UK lockdown extended for at least three more weeks
By Jane Kirby, PA Health Editor
The coronavirus lockdown is to be extended for at least another three weeks, Foreign Secretary Dominic Raab has said as he warned that lifting restrictions now would risk a dangerous second peak of Covid-19.
Mr Raab, who is deputising for Prime Minister Boris Johnson as he recovers from the virus, said the original three-month timeline set down by Mr Johnson to come through the peak of the virus was broadly “still the outline”.
The Cabinet minister told reporters there is “light at the end of the tunnel” but refused to set out a “definitive timeframe” for easing the lockdown measures, stressing that lifting them now would only lead to a “second lockdown”.

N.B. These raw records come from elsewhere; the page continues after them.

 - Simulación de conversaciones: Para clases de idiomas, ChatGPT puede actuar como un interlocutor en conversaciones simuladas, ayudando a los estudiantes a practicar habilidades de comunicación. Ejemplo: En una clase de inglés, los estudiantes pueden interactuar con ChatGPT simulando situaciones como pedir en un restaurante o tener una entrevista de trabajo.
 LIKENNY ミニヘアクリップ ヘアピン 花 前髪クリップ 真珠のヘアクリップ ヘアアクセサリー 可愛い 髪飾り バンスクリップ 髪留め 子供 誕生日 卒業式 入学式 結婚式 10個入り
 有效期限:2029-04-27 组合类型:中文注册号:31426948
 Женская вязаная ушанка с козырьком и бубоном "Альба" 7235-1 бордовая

He said: “The Prime Minister said at the outset that it would take three months to come through the peak and I think that, broadly, is still the outline."
“We can’t give a definitive timeframe, that would be to prejudge the evidence, that wouldn’t be a responsible thing to do.”

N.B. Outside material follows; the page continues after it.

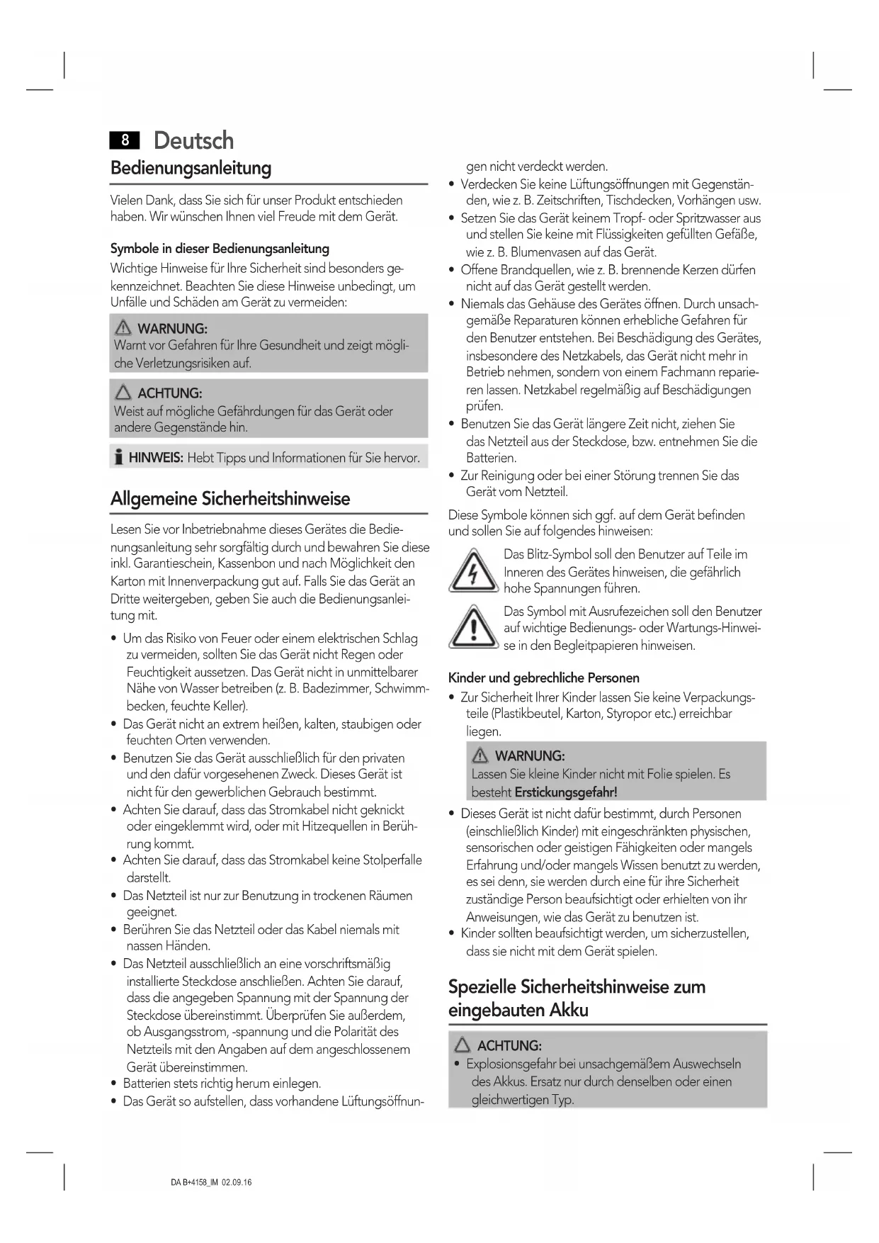 rogeräten vorgesehenen Sammelstellen und geben dort Ihre Elektrogeräte ab, die Sie nicht mehr benutzen werden. Sie helfen damit die potenziellen Auswirkungen, durch falsche Entsorgung, auf die Umwelt und die menschliche Gesundheit zu vermeiden. Sie leisten damit Ihren Beitrag zur Wiederverwertung, zum Recycling und zu anderen Formen der Verwertung von Elektro- und Elektronik-Altgeräten. Informationen, wo die Geräte zu entsorgen sind, erhalten Sie über Ihre Kommunen oder die Gemeindeverwaltungen. Batterieentsorgung Das Gerät enthält einen wiederaufladbaren Akku. Verbrauchte Akkumulatoren (Akkus) gehören nicht in den Hausmüll. Der Akku muss entnommen werden, bevor das Produkt in die Entsorgung geht. Wenden Sie sich hierfür an qualifiziertes Fachpersonal. Informationen, wo der Akku zu entsorgen ist, erhalten Sie über Ihre Kommunen oder die Gemeindeverwaltungen.18 Nederlands DA B+4158_IM 02.09.16 Gebruiksaanwijzing Dank u voor uw keuze van dit product. We hopen dat u er veel plezier van beleeft. Symbolen in deze gebruiksaanwijzing Belangrijke aanwijzingen voor uw veiligheid zijn speciaal gekenmerkt. Neem deze aanwijzingen strikt in acht om ongevallen en schade aan het apparaat te vermijden: WAARSCHUWING: Waarschuwt voor gevaren voor uw gezondheid en toont mogelijk letselrisico’s. LET OP: Wijst op mogelijke gevaren voor het apparaat of andere voorwerpen. OPMERKING: Kenmerkt tips en informatie voor u. Algemene veiligheidsinstructies Lees vóór de ingebruikname van dit apparaat de handleiding uiterst zorgvuldig door en bewaar deze goed, samen met het garantiebewijs, de kassabon en zo mogelijk de doos met de binnenverpakking. Geef ook de handleiding mee wanneer u de machine aan derden doorgeeft.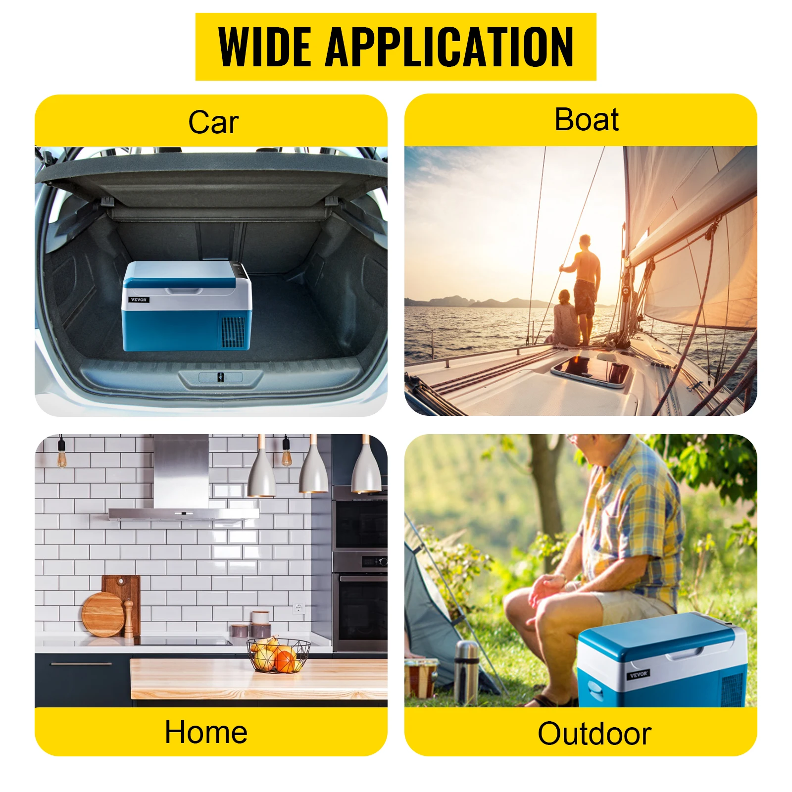 Operating at 12 / 24V DC and 110-240 AC, the 12V refrigerator freezer can be connected to an automobile cigarette lighter and household power supply. A portable compressor refrigerator is suitable for RV, campsite, boat, camping, fishing, road travel, and outdoor activities.

“But our message to the British public is: there is light at the end of tunnel, we are making progress, but at the same time we must keep up the social distancing measures.”
Mr Raab said ministers and scientists must be confident there will be no second wave of infections, and that more widespread testing needed to be put in place alongside solid evidence that infections were falling.
“The worst thing we could do right now is to ease up too soon, allow a second peak of the virus to hit the NHS and to hit the British people”, he said at the daily press briefing.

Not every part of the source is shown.